**Try it:**
Would you please set down, word for word, the lines from the one with "النحوي، المفسر: هبة" through the final line of the data below, omitting any pictures?

─── Data for review ───

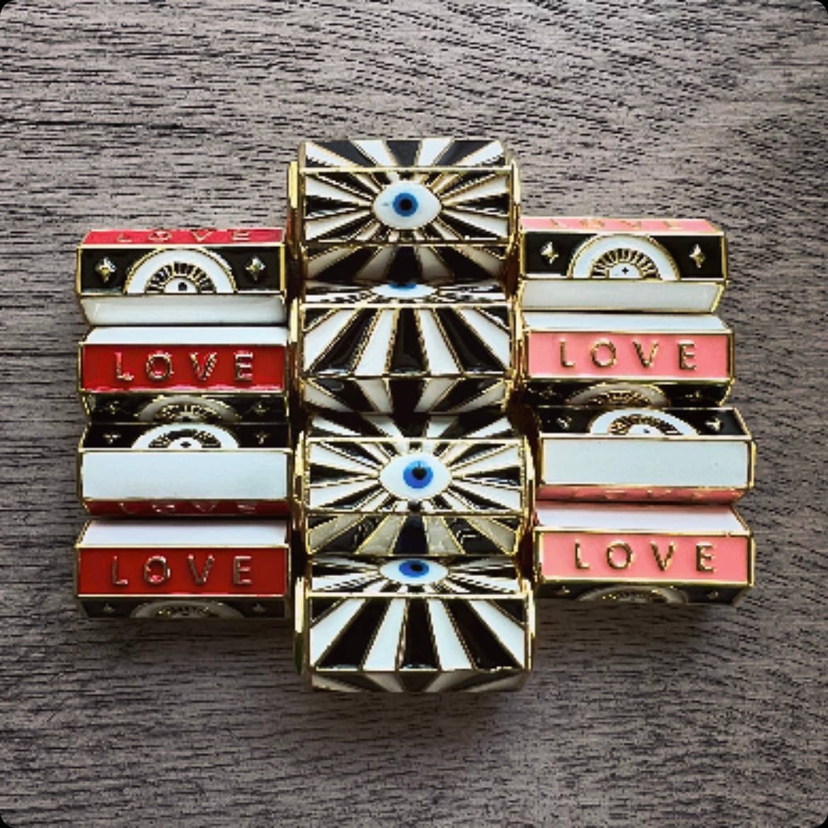 The Warhol Necklaces are so fun! Two lengths 16” or 19” gold plated stainless steel paperclip chain so you can wear two stacked and make your own messages 💛 Multiple styles of these groovy enamel and pave beads! Beads are plated copper and come with 16- or 19-inch chain **Beads are photographed without chain so you can completely see every side of each style
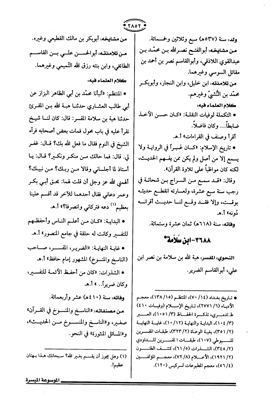 النحوي، المفسر: هبة الله بن سلامة بن نصر بن علي، أبو القاسم الضرير.
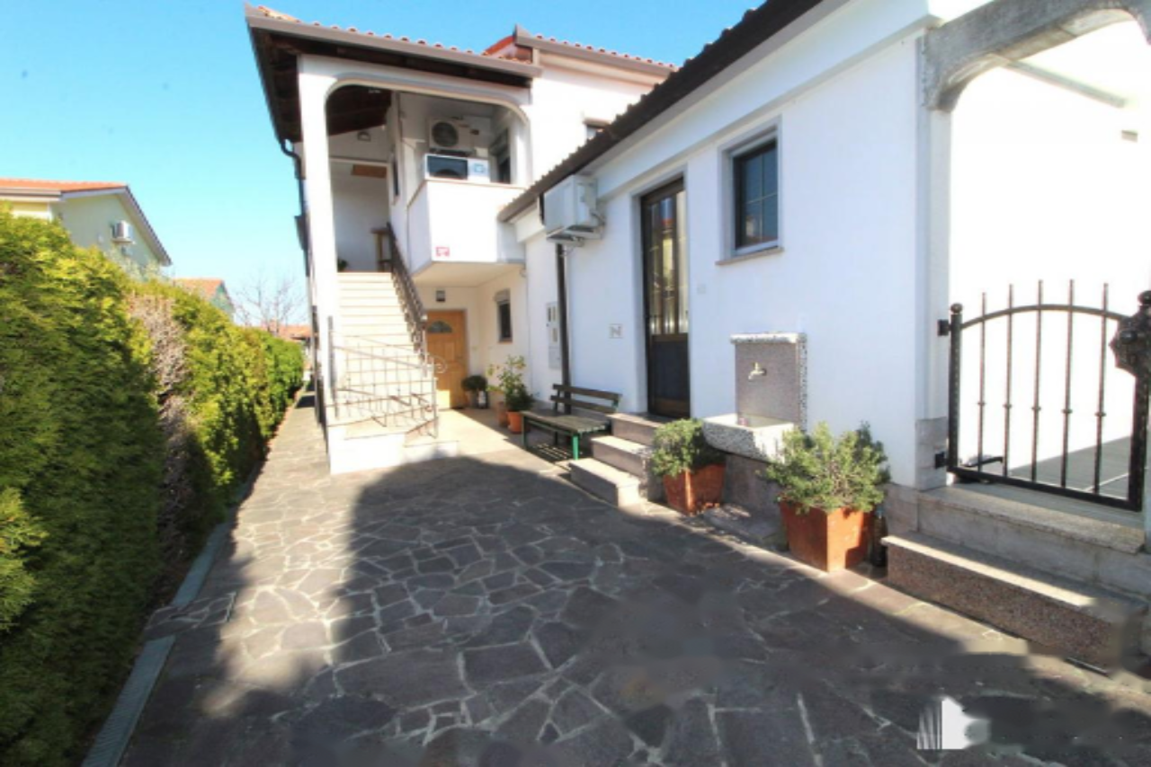На первом этаже расположена современно оборудованная четырёхкомнатная квартира с большой террасой и впечатляющими видами на сад, оливковые деревья и море. Второй этаж повторяет планировку нижнего с тремя спальнями, ванной, просторным холлом и террасой, предлагающей уникальные панорамные виды на Изолу и Триест в сторону гор. В пристройке на первом этаже находится студия. Подвал площадью 56 м² предоставляет дополнительные возможности для хранения или организации помещений по вашему усмотрению.
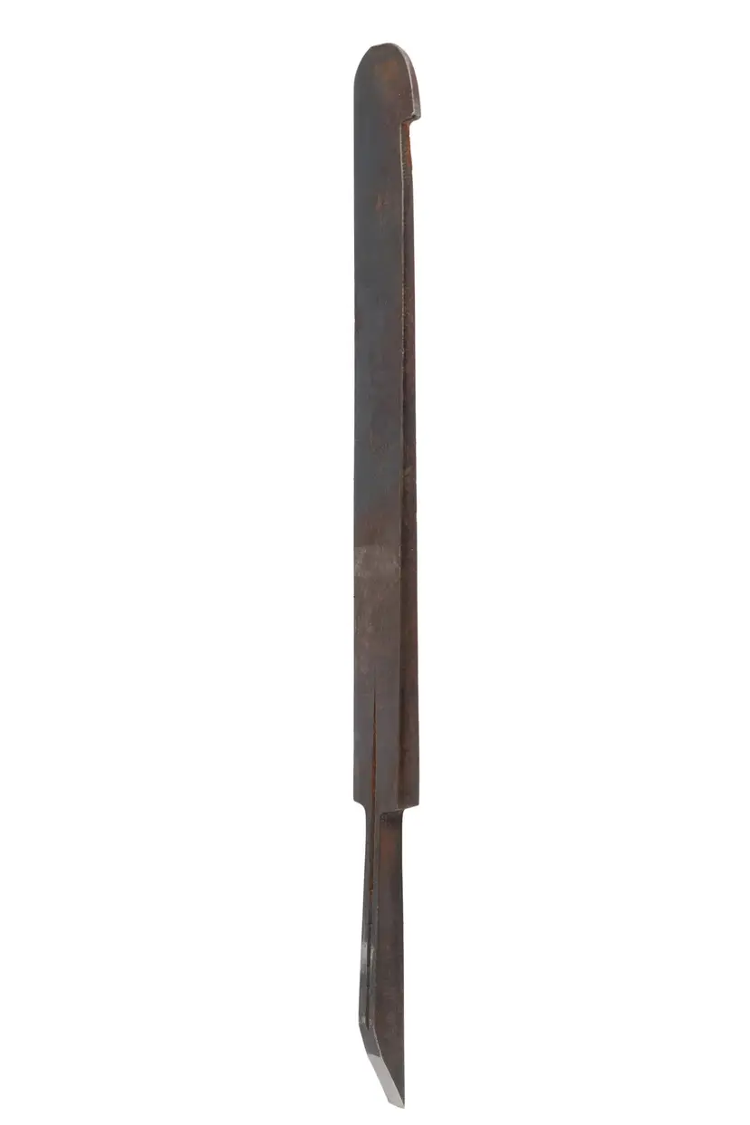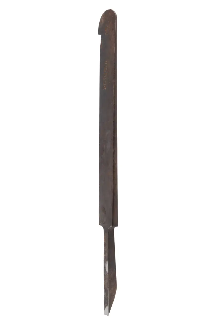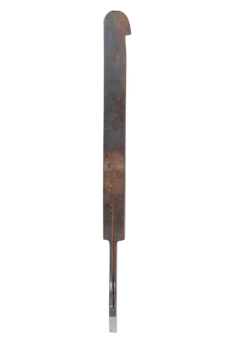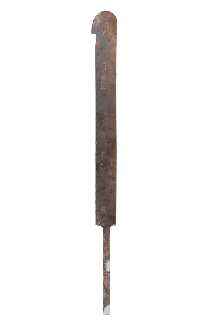 A nice original unmarked plow plane iron, stamped "2" and by a previous owner, "HILDICK." It cuts a 3/16" wide groove. It is nice and sharp but will need honed. 8-5/8" long
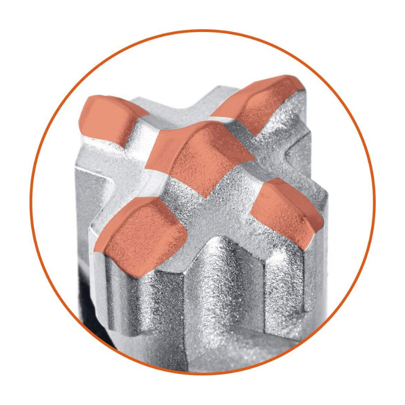 5 elementów tnących efektywnie łączy udar i skręcanie, umożliwiając dokładne wiercenie w betonie i zbrojeniu.
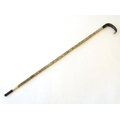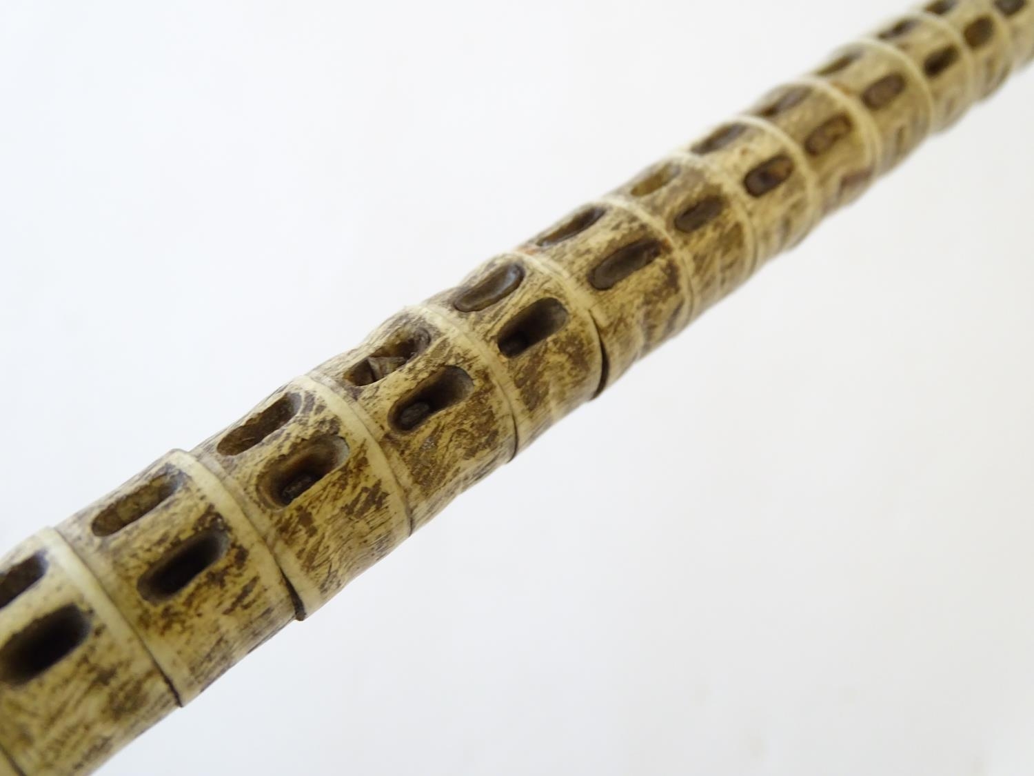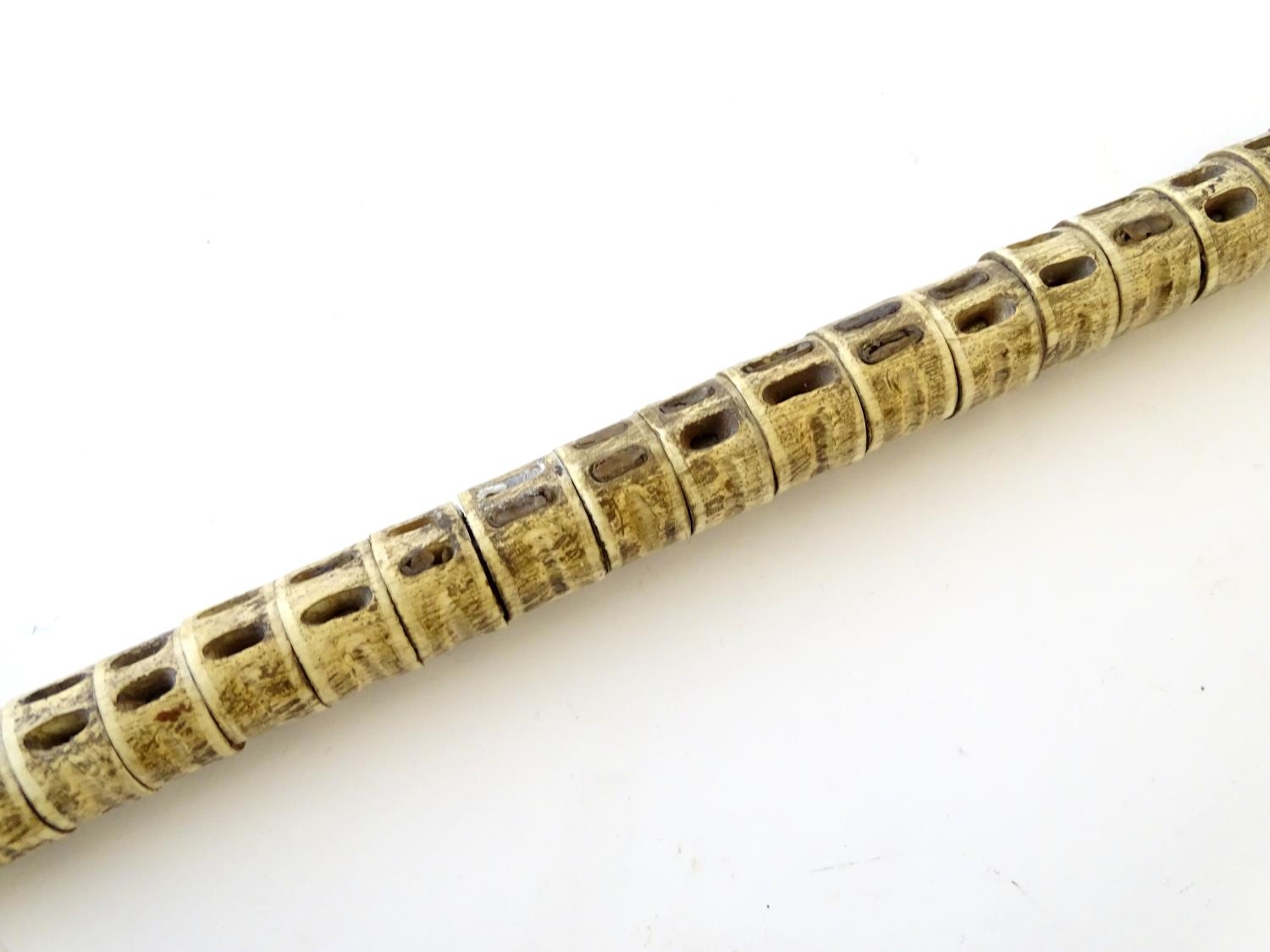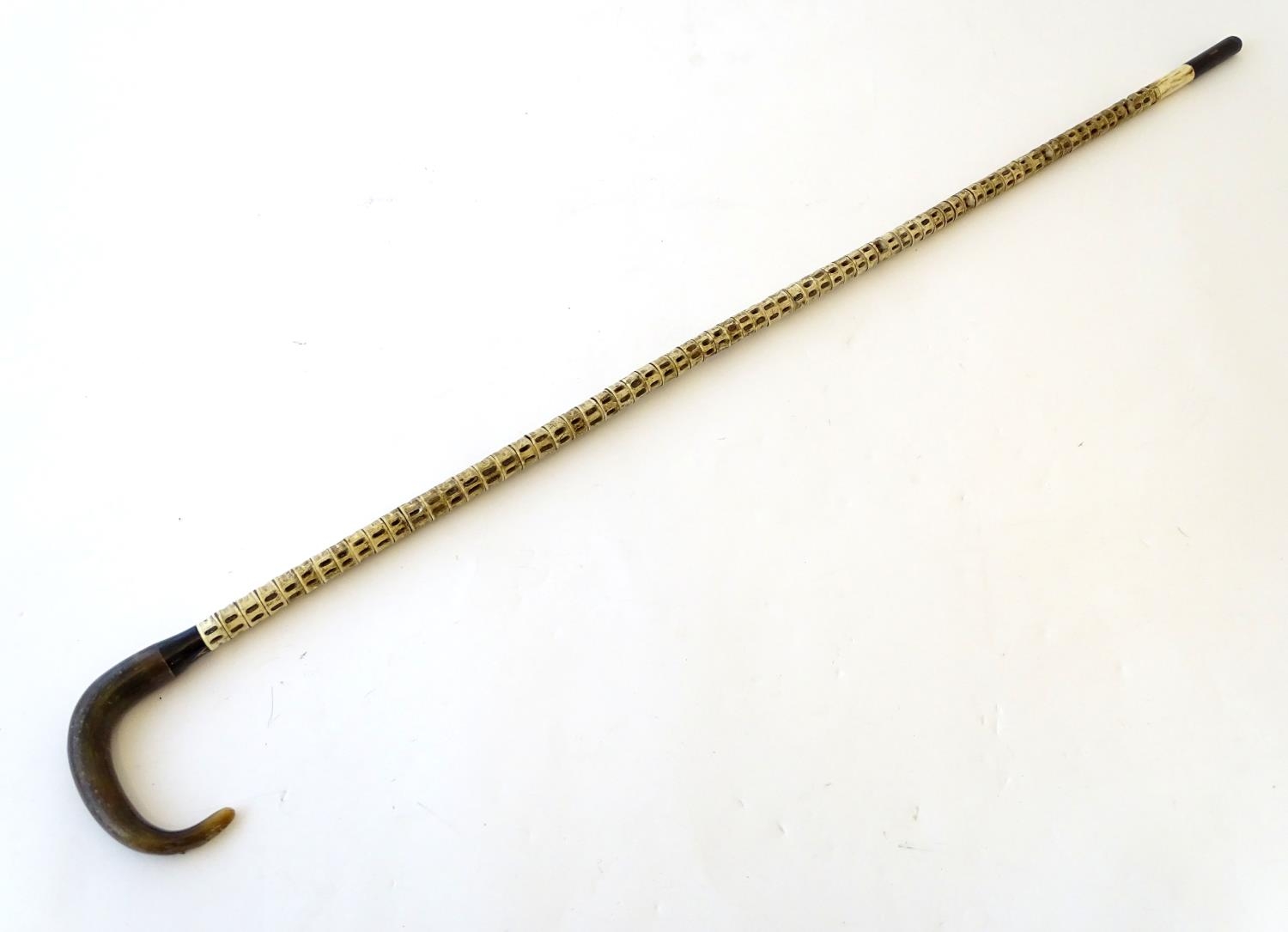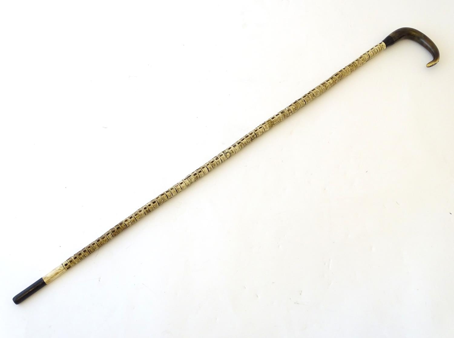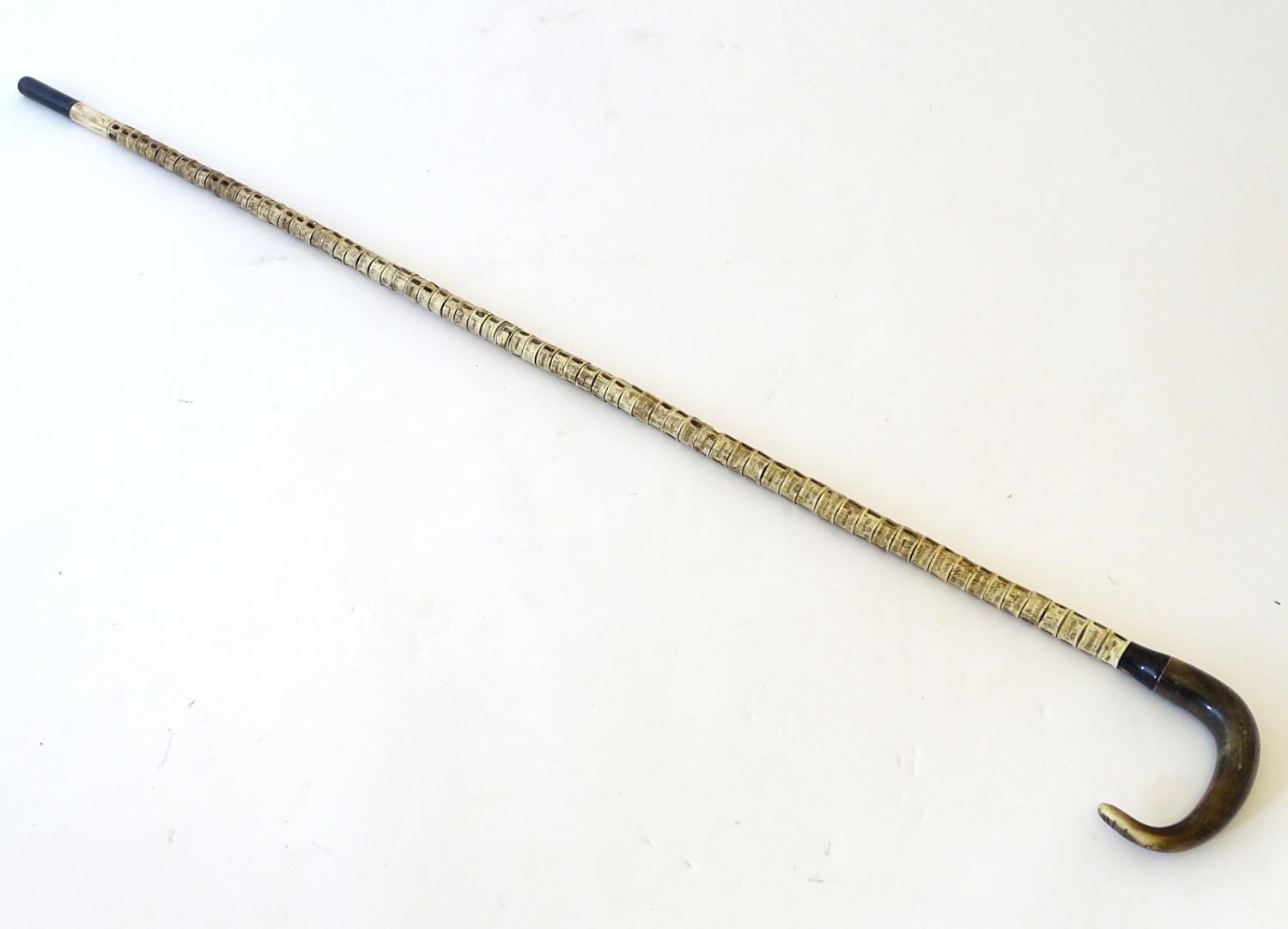 Taxidermy: a 19thC walking cane, mounted with shark vertebrae, with ebony and bone ferrule, buffalo horn collar and ram's horn handle. 33 1/2" long

───

**Task response:**
 النحوي، المفسر: هبة الله بن سلامة بن نصر بن علي، أبو القاسم الضرير.
На первом этаже расположена современно оборудованная четырёхкомнатная квартира с большой террасой и впечатляющими видами на сад, оливковые деревья и море. Второй этаж повторяет планировку нижнего с тремя спальнями, ванной, просторным холлом и террасой, предлагающей уникальные панорамные виды на Изолу и Триест в сторону гор. В пристройке на первом этаже находится студия. Подвал площадью 56 м² предоставляет дополнительные возможности для хранения или организации помещений по вашему усмотрению.
 A nice original unmarked plow plane iron, stamped "2" and by a previous owner, "HILDICK." It cuts a 3/16" wide groove. It is nice and sharp but will need honed. 8-5/8" long
 5 elementów tnących efektywnie łączy udar i skręcanie, umożliwiając dokładne wiercenie w betonie i zbrojeniu.
 Taxidermy: a 19thC walking cane, mounted with shark vertebrae, with ebony and bone ferrule, buffalo horn collar and ram's horn handle. 33 1/2" long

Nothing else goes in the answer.